Translucent bubbles grace the topaz brew, Light, like her rippling laughter used to be, And golden, like the moments that we knew.

Warm tea

Warm, like her gentle arms around me bent. Warm, like her fragrant breath upon my cheek, As breast to breast we savored sweet content.

Bitter tea..

Bitter, like her mock farewell to me.

I,

I. searching through the fragments of my dreams, Find solace in my cup of bitter tea."

Volume 1, Number 8, January, 1948

(From a review of an early Radclyffe Hall novel, "The Unlit Lamp") "Regarded strictly as Lesbian literature, The Unlit Lamp is disappointing, for the average clyffe and colleen today (the book was published a quarter century ago) lead a more aware, awakened life than Radclyffe Hall's heroine and her true love. Joan Ogden, the lesbian of Leaside, England, never quite comes to grips with herself, never admits to herself what she is, or perhaps never truly understands. She agrees, when she stops stockstill to consider it, that it is strange that at one time in her life she should contemplate leaving her dependent mother to go and live with another woman. This other woman, Elizabeth Rodney, first Joan's private tutor, later lover to her, realizes perhaps more fully the implication of her emotion.
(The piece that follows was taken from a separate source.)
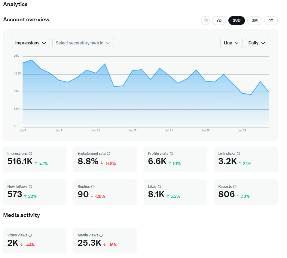 - Layered-Nylons Twitter followers increased to 1,066 from 854. Analytics is only available to premium users but I will be doing some analysis manually. In June there were 29 tweets for 65,212 impressions that lead to 1,265 profile visits, 324 link clicks, 1,602 likes, 316 retweets and 14 comments.

"Joan is introduced to us at the age of 12. A butchy little tyke, in the words of the authoress 'large-boned and tall for her age, lanky as a boy, with short black hair.' This hair, by hook or crook, she keeps close-cropped.

"The villain of this unhappy book is Joan's mother. No, she never for a moment suspects that her darling is an "unnatural child," there is no outraged denunciation because she has "birthed a blasphemy" or any such twaddle-rot. It is just that Mrs. Ogden is such a thorough going mother, a mother with a capital M. She works at it. She is the epitome of the "mom" that philosopher Philip Wylie so trenchantly criticises. She has eight loving arms, like an octopus, to lavish mother-love on her beloved Joan, and a phoney ill-health which manifests itself in crises to gain a wealth of sympathy from the daughter of whom she deliberately takes advantage. This Mother properly infuriated me, as Radclyffe Hall no doubt meant her to. I would call her a criminal. Petty and self-pampering, she ruined and spoiled the life of her lesbian daughter, whose affection for her not-too-much-older lesbian teacher was consistently thwarted, never brought to fruition.

"Nobody lives happily ever after in this book. It is an unrelieved tragedy, remorselessly descending a spiral staircase to a ghastly conclusion. I don't know whether to recommend it to you or not. Individuals in the audience contemplating matricide or suicide had better steer clear of it. Even if you're in a gay mood it will quickly depress you."